Bug 1761260 - Systemd does not attempt to kill child processes if ExecStopPost is set
Summary: Systemd does not attempt to kill child processes if ExecStopPost is set
Keywords:
Status: CLOSED ERRATA
Alias: None
Product: Fedora
Classification: Fedora
Component: systemd
Version: 31
Hardware: Unspecified
OS: Unspecified
unspecified
urgent
Target Milestone: ---
Assignee: systemd-maint
QA Contact: Fedora Extras Quality Assurance
URL:
Whiteboard:
Depends On:
Blocks: 1766477 1766479
TreeView+ depends on / blocked
 
Reported: 2019-10-13 20:06 UTC by Nir Soffer
Modified: 2020-04-02 09:55 UTC (History)
9 users (show)

Fixed In Version: systemd-243.8-1.fc31
Doc Type: If docs needed, set a value
Doc Text:
Clone Of:
: 1766477 1766479 (view as bug list)
Environment:
Last Closed: 2020-04-02 09:55:24 UTC
Type: Bug
Embargoed:


Attachments (Terms of Use)
Example scripts and service for reproducing this issue (659 bytes, application/gzip)
2019-10-13 20:06 UTC, Nir Soffer
no flags Details

Description Nir Soffer 2019-10-13 20:06:31 UTC
Created attachment 1625376 [details]
Example scripts and service for reproducing this issue

Description of problem:

When using KillMode=mixed, and ExecStopPost is set, systemd does not deliver
the expected SIGKILL to child processes, leaving child processes running after
the service is stopped.

Version-Release number of selected component (if applicable):
systemd-239-14.git33ccd62.fc29.x86_64

How reproducible:
Always

Steps to Reproduce:
1. Install a service with KillMode=mixed and ExecStopPost set
2. Run a service starting child processes
3. Stop the service

Actual results:
systemd does not send SIGTERM or SIGKILL to child process.
Child process started by the service is running after the service is stopped.

Expected results:
Systemd sends SIGKILL to child process.
Child process started by the service is not running after service is stopped.

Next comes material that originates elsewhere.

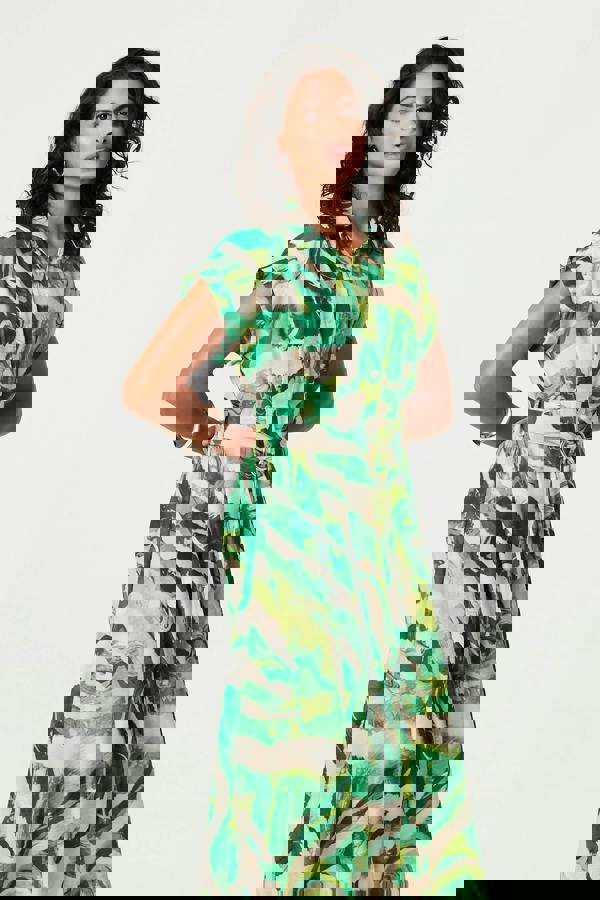 Dress for smart and smart-casual events in this beautiful midi dress. It has turn-up cap sleeves and a stylish tie waist, featuring a metal belt detail that you can adjust for the perfect fit. Complete the look with your favourite sandals or heels. It has an a-line midi skirt and front buttons that will flatter all figures.

Here are example scripts and service file reproducing this issue.

## Service script

$ cat /usr/local/bin/kill-children-test
#!/usr/bin/python3 -u

import signal
import subprocess
import time

def terminate(signo, frame):
    print("Received termination signal: {}".format(signo))
    raise SystemExit

signal.signal(signal.SIGTERM, terminate)

try:
    p = subprocess.Popen(["/usr/local/bin/non-terminating-child"])
    print("started child process pid={}".format(p.pid))
    p.wait()
    print("child terminated rc={}".format(p.returncode))
except SystemExit:
    pass

print("Terminating")
time.sleep(2)


## Child process script

This script intentionally ignores SIGTERM, for testing that systemd
send a SIGKILL.

$ cat /usr/local/bin/non-terminating-child
#!/usr/bin/python3 -u

import signal
import time

def terminate(signo, frame):
    print("Child ignoring signal {}".format(signo))

signal.signal(signal.SIGTERM, terminate)

while 1:
    print("Child waiting")
    time.sleep(300)
    print("Child woke up")


## Service file

The service simulate pre/post scripts that take some time to run.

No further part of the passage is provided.